The mirror has often been seen as the reflection for correction, using it to look for anything that would need to be fixed or adjusted. I would like to suggest that the negative self-talk has you looking at the wrong reflection. The inner negative self-talk should be the focus of correction. How encouraging to know that, no matter how much negative self-talk may exist in your mind, it is never too late to replace, correct, or “reprogram”.
I co-wrote a book, Live Your BEST Life: Stories of Triumph. I’m inspired by my fellow co-author and friend Demetra Moore’s story as she shares how she had to fight against the negative self-talk of being a failure after she watched her business that she’d worked so hard to build from the ground up crumble to pieces. She talks about the feelings of despair and the agony of failing before her family, her friends, and the whole world. One of the keys to her success today was that she had to quiet the negative chatter that would show up in her darkest moments day after day until she learned how to fight back. I encourage you to go to my website and order the book. Every story is one of how we triumphed over obstacles that could have knocked us out of the race of life. If you want strategies for overcoming your hurdles and struggles in life, it’s another read that’s sure to please and help you as you journey through to success!

One of the most important keys to overcoming negative self-doubt is to first recognize it when it occurs. For many, the choice to change the way we think is short-lived because it requires an amount of discipline that many will not want to commit to doing. Just as we can with a computer hard drive, we can reprogram our mind’s “hard drive” to reduce and eventually eliminate negative self-talk. Some of the advantages of eliminating negative self-talk are that it creates positive energy and opens the channel of creativity and the ability to produce fresh and new ideas.
When you find yourself having negative self-talk, immediately redirect your thinking. Be kind to yourself. Her are some of the most commonly used negative self-talk phrases are listed below on the left.
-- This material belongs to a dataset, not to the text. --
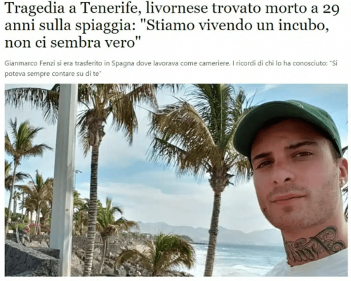 Der erst 29 Jahre alte Gianmarco Fenzi aus Livorno kam nach Teneriffa, um in Los Cristianos als Kellner zu arbeiten. Sein Traum war ein eigenes Restaurant. Doch am 15. Juni wurde er bei Costa Adeje tot aus dem Atlantik geborgen. Nach der gerichtsmedizinischen Untersuchung geht die Polizei von einem natürlichen Tod aus. Es gab keine Anzeichen von Gewaltanwendung. Der Vater des Verstorben ist angereist, um genau zu erfahren, was mit seinem Sohn geschehen ist. Die italienische Tageszeitung „Livorno Today“ trauerte mit der Familie und Freunden.
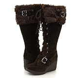 CLASSY Furry Wedge Winter Snow BROWN Boots Women's (Apparel)

On the right are phrases that can replace the negative selftalk. “I can’t seem to stay organized.”“I am developing organizational skills.” “That’s Impossible.” “It’s Possible.” “I don’t ever seem to have enough time.” “I will schedule my time better.” “I get so depressed.” “Sometimes I’m unhappy.” “I never seem to get anyplace on time.” “I will manage my time better.”

What are some negative self-talk phrases and replacements that you will work to change?